In detail, the 10-year yield increased by 14 bps to 2.65% in March, with a similar increase recorded for the medium-term part of the yield curve (2–5-year). Evidently, the bond yields at the short end of the yield curve passed to positive levels after almost a year of negative yields, which is indicative of the end of the PEPP programme in March. However, it is worth noting that the increase in yields led to the normalization of the curve rather than to a massive increase in borrowing costs. An important supporting factor is the markets’ expectations of the ECB’s readiness to draw up a contingency crisis plan in the event of a rapid rise in the Eurozone’s government bond yields.

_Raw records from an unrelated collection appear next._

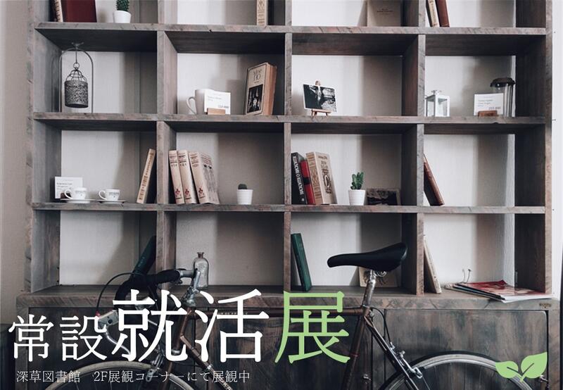 隔月で変更する展観には、就職活動に関係のあるテーマを決め、それに沿った資料を選び、2F展観スペースにて展示を行っております。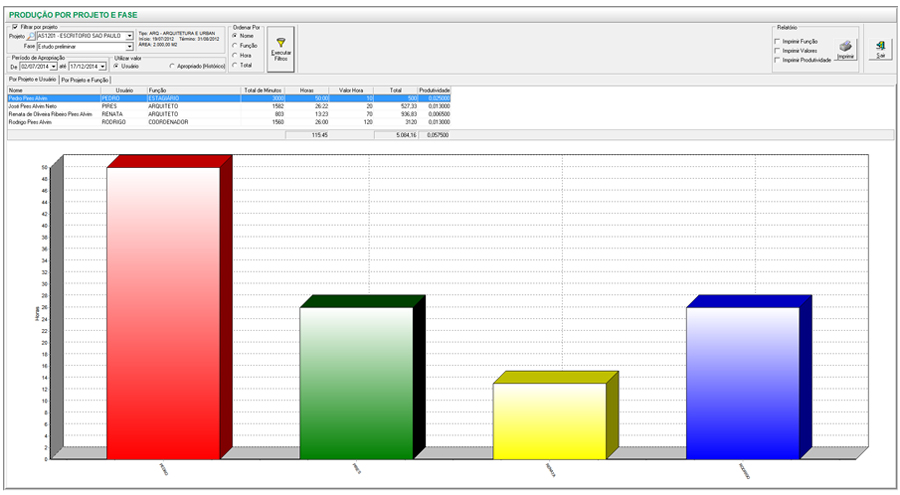 - Ao selecionar o projeto o Navis busca todas as horas apropriadas por usuário e dividi as mesmas pela metragem definida no cadastro projeto. Esse processo define a produtividade que foi executada no projeto. A análise pode ser realizada por usuário ou por função divididos em fase.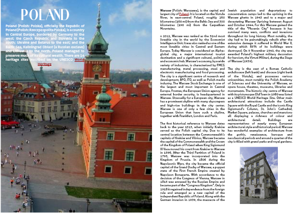 Poland (Polish: Polska), officially the Republic of Poland (Polish: Rzeczpospolita Polska), is a country in Central Europe, bordered by Germany to the west; the Czech Republic and Slovakia to the south; Ukraine and Belarus to the east; and the Baltic Sea, Kaliningrad Oblast (a Russian exclave) and Lithuania to the north. Poland managed to preserve much of its cultural wealth. There are 14 heritage sites inscribed on the UNESCO World Heritage.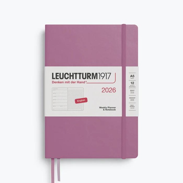 The A5 Dusty Rose Leuchtturm1917 weekly notebook diary is a simple yet functional companion for 2026. Every page features the calendar week on the left and a dotted notebook page on the right.
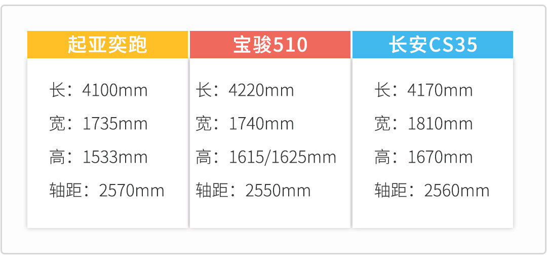 作为小型SUV,4米出头的车身长度最合适不过,紧凑的车身尺寸,驾驶起来会更灵活自如,三款车型的尺寸都很接近,也就长安CS35会稍微高一点,所以在头部空间上也有一定优势。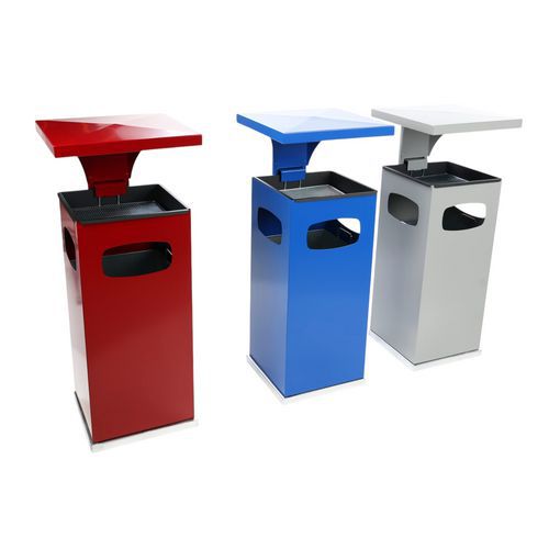 Askkopp och papperskorg med avtagbart förstärkt lock och 3 öppningar. Avtagbar inre metallbehållare. Med svart askkopp och kromat galler. Enkel att använda.

According to the results of our statistical evaluation model for the 10-year Greek spread, the bond markets seem to have priced in the fundamental figures of the Greek economy relative to those of Germany. Despite the downward revision of the GDP reading for 2021 and the possible impact of inflationary pressures on economic activity, the narrowing of the 10-year spread at the end of March by 26 bps to 212 bps is justified by relative economic activity, competitiveness, fiscal flexibility and market risk-taking trends. In particular, the statistical model for evaluating the level of the spread indicates a fair value of 191 bps. However, it is important to note that according to the same quantitative analysis, the probability of a widening spread has increased significantly and now outweighs the possibility of a decrease in the 10-year spread. Specifically, the Risk Balance Index moved to a positive reading for the first time in 14 months, reflecting increasing downside risks for Greek bonds.

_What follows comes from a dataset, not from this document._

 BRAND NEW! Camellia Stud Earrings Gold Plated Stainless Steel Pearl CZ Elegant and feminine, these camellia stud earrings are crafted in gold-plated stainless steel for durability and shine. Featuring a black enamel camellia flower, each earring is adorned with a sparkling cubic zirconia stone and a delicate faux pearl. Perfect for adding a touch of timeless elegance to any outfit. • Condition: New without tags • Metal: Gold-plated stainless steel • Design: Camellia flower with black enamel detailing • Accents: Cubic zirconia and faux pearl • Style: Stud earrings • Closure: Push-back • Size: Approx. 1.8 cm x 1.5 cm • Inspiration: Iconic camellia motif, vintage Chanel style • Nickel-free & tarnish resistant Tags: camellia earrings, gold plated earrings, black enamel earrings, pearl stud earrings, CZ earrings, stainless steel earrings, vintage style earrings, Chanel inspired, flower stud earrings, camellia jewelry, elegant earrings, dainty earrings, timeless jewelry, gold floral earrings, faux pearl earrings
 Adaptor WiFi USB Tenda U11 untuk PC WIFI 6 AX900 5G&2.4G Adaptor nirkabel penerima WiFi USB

Expectations of an improvement in the credit rating of Greek debt towards investment grade at the beginning of next year were reassessed according to the new developments on the international scene, with Moody’s maintaining its credit rating and DBRS upgrading its rating from BB to BB (high) but downgrading the outlook to stable. Nevertheless, the credit rating priced by the CDS markets continues to be above investment grade, while its deviation from the rest of the EU periphery countries has increased marginally.

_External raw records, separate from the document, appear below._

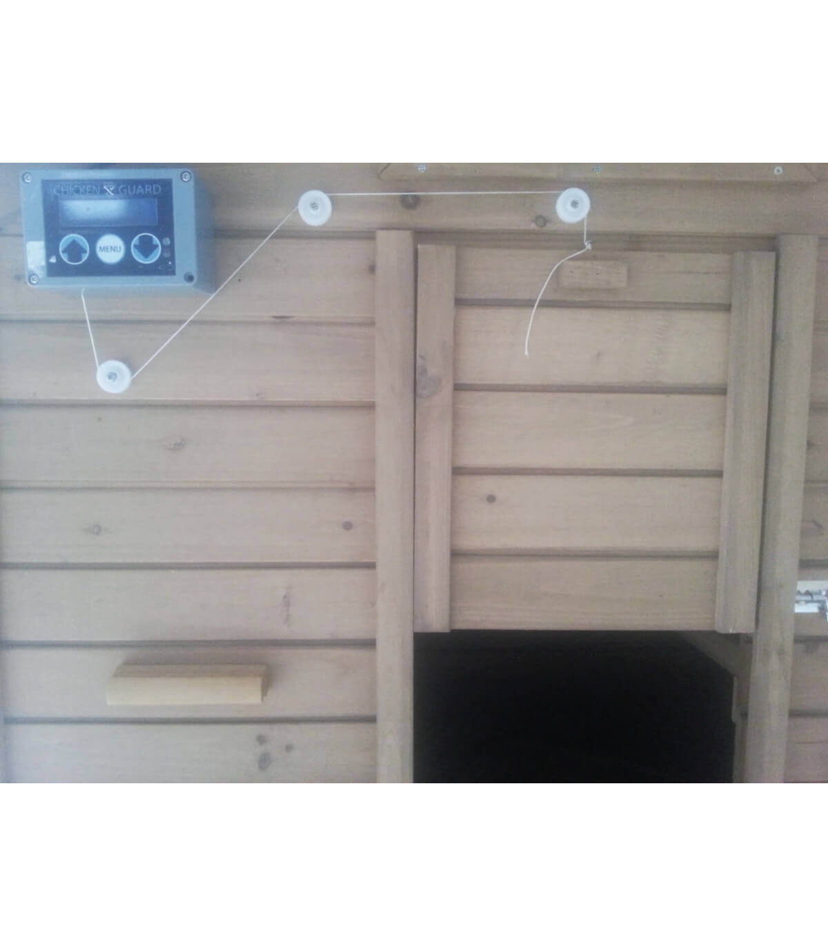 Voir les motorisations possibles, (choisir un "moteur seul" + 2 poulies) - Nettoyage facile : Tiroir à fientes mobile, accessible depuis l'avant (le poulailler ainsi adossable à un mur ou une haie) et sans avoir à se baisser, donc pas d'efforts.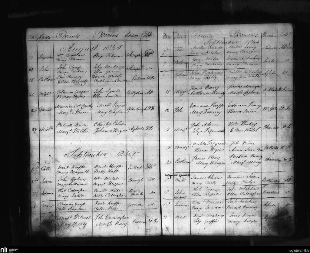 Aghada; County of Cork; Diocese of Cloyne. Baptisms, Aug. 1845 to Sep. 1845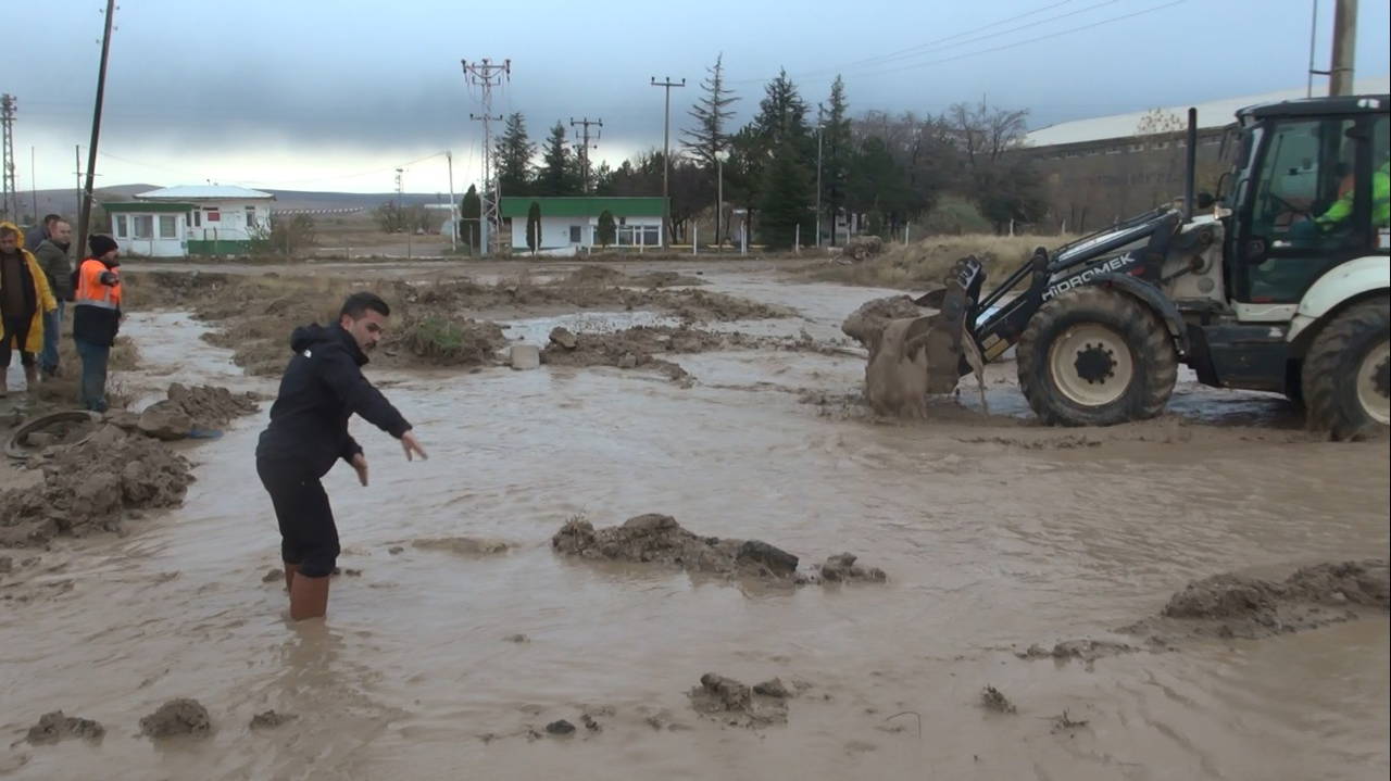 Kırıkkale'nin Balışeyh ilçesinde öğleden sonra etkili olan sağanak nedeniyle yol suyla doldu, sürücüler ve yayalar zor anlar yaşadı.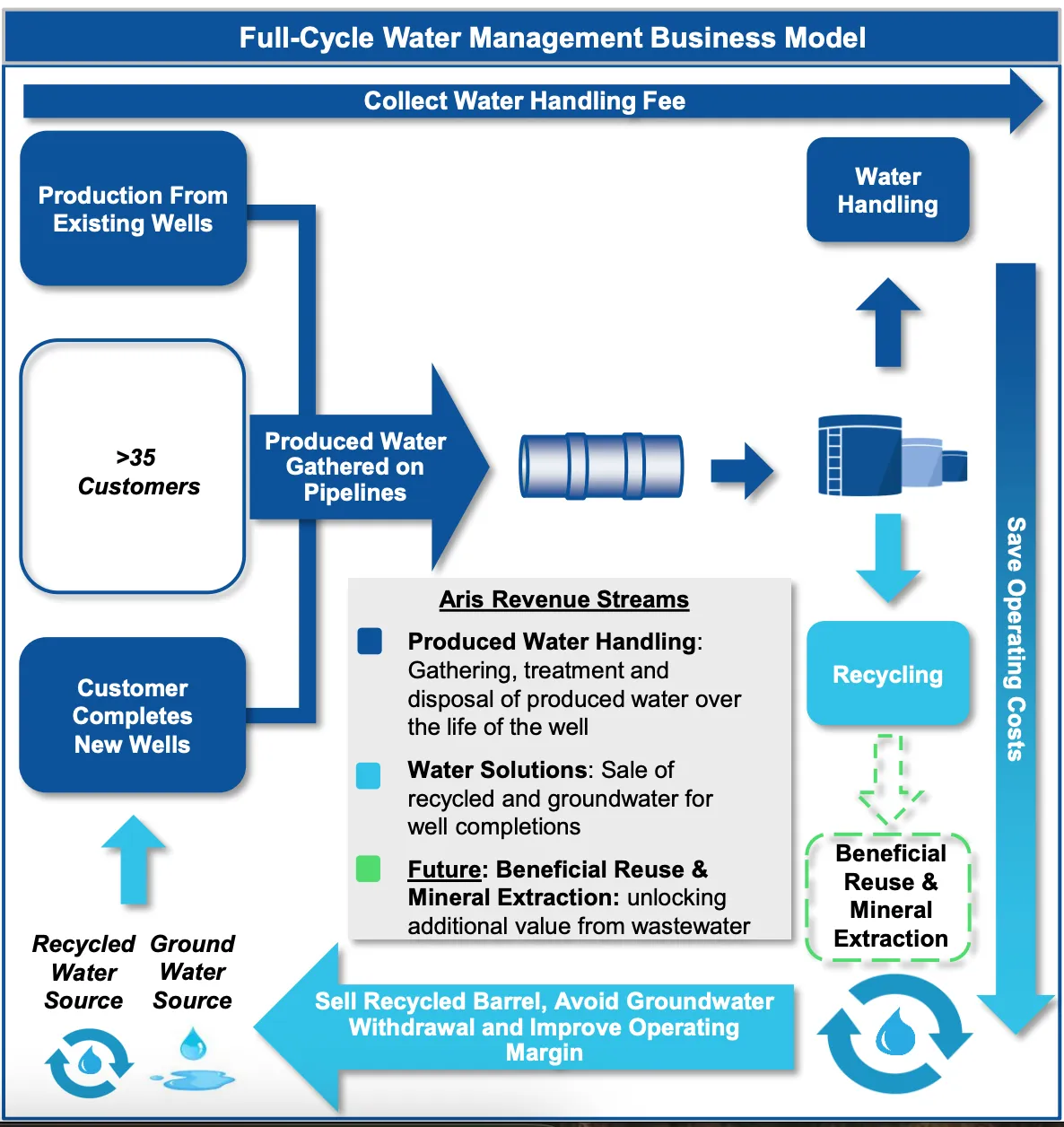 Additionally, water companies also sell the recycled water which in some cases can make up to 30% of their share of revenues (vs. 70% produced water). Below is a good representation on how the business model works (from Aris Water Solutions):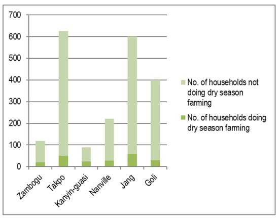 Dry season farmers: numbers and crop usage: Only small groups of people in the communities do dry season farming. Ranging from 21 to 60 households, the dry season farmers are estimated to range from only 8% up to 31% of every studied community. While the number of household per community highly differ, from 625 in Takpo to around 80 in Kanyin-guasi, the number of dry season farmers per community are less diverse (from 21 to 60 households, visualised in Figure 4).

The Corporate Bond Index moved marginally lower in March, with some signs of slight recovery in the first two weeks of April despite the deterioration in the economic climate indicators and the PMI index in manufacturing. Specifically, the index recorded a month-on-month loss of 0.69% at the end of March, dropping to 140.4 points. Conversely, it recorded a small upward movement in the first two weeks of April, reaching 140.8 points in the middle of the month. The weighted median yield of the index at the end of March closed at 3.51%, having increased by 11 bps compared to the previous month, with the largest losses recorded in the bonds of Frigoglass (maturing in 2025), Intralot (maturing in 2024) and Coca-Cola (expires in 2031).